(PROBLEM REQUIREMENTS): Please set the lines down again exactly, from the top of the entries through the line that contains "A SCP Evening".

----- TASK INPUTS

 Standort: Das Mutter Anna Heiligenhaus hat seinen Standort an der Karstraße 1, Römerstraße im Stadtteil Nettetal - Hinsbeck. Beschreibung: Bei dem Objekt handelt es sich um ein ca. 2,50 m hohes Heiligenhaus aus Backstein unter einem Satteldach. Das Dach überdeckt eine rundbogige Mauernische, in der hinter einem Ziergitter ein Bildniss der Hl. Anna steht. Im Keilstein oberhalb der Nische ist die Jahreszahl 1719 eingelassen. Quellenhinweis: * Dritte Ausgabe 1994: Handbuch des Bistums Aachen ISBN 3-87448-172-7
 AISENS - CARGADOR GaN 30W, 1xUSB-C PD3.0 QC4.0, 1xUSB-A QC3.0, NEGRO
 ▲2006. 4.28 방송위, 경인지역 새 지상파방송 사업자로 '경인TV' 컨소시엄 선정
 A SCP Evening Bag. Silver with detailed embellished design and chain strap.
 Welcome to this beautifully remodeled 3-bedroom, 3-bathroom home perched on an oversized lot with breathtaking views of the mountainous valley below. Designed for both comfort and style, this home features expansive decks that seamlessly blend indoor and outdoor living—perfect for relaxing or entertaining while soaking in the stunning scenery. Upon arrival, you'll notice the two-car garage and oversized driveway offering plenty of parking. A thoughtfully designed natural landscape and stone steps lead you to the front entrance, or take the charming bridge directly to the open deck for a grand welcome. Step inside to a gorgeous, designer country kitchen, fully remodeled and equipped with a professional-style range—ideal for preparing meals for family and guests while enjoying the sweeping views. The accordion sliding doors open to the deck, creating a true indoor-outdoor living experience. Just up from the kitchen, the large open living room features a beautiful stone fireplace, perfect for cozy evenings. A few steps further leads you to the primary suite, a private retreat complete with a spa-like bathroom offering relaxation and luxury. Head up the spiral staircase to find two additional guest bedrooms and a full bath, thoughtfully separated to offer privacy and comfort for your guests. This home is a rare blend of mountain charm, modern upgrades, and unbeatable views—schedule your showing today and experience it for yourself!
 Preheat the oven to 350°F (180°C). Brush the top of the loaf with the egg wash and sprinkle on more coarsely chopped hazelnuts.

----------

(TASK OUTPUT):
 Standort: Das Mutter Anna Heiligenhaus hat seinen Standort an der Karstraße 1, Römerstraße im Stadtteil Nettetal - Hinsbeck. Beschreibung: Bei dem Objekt handelt es sich um ein ca. 2,50 m hohes Heiligenhaus aus Backstein unter einem Satteldach. Das Dach überdeckt eine rundbogige Mauernische, in der hinter einem Ziergitter ein Bildniss der Hl. Anna steht. Im Keilstein oberhalb der Nische ist die Jahreszahl 1719 eingelassen. Quellenhinweis: * Dritte Ausgabe 1994: Handbuch des Bistums Aachen ISBN 3-87448-172-7
 AISENS - CARGADOR GaN 30W, 1xUSB-C PD3.0 QC4.0, 1xUSB-A QC3.0, NEGRO
 ▲2006. 4.28 방송위, 경인지역 새 지상파방송 사업자로 '경인TV' 컨소시엄 선정
 A SCP Evening Bag. Silver with detailed embellished design and chain strap.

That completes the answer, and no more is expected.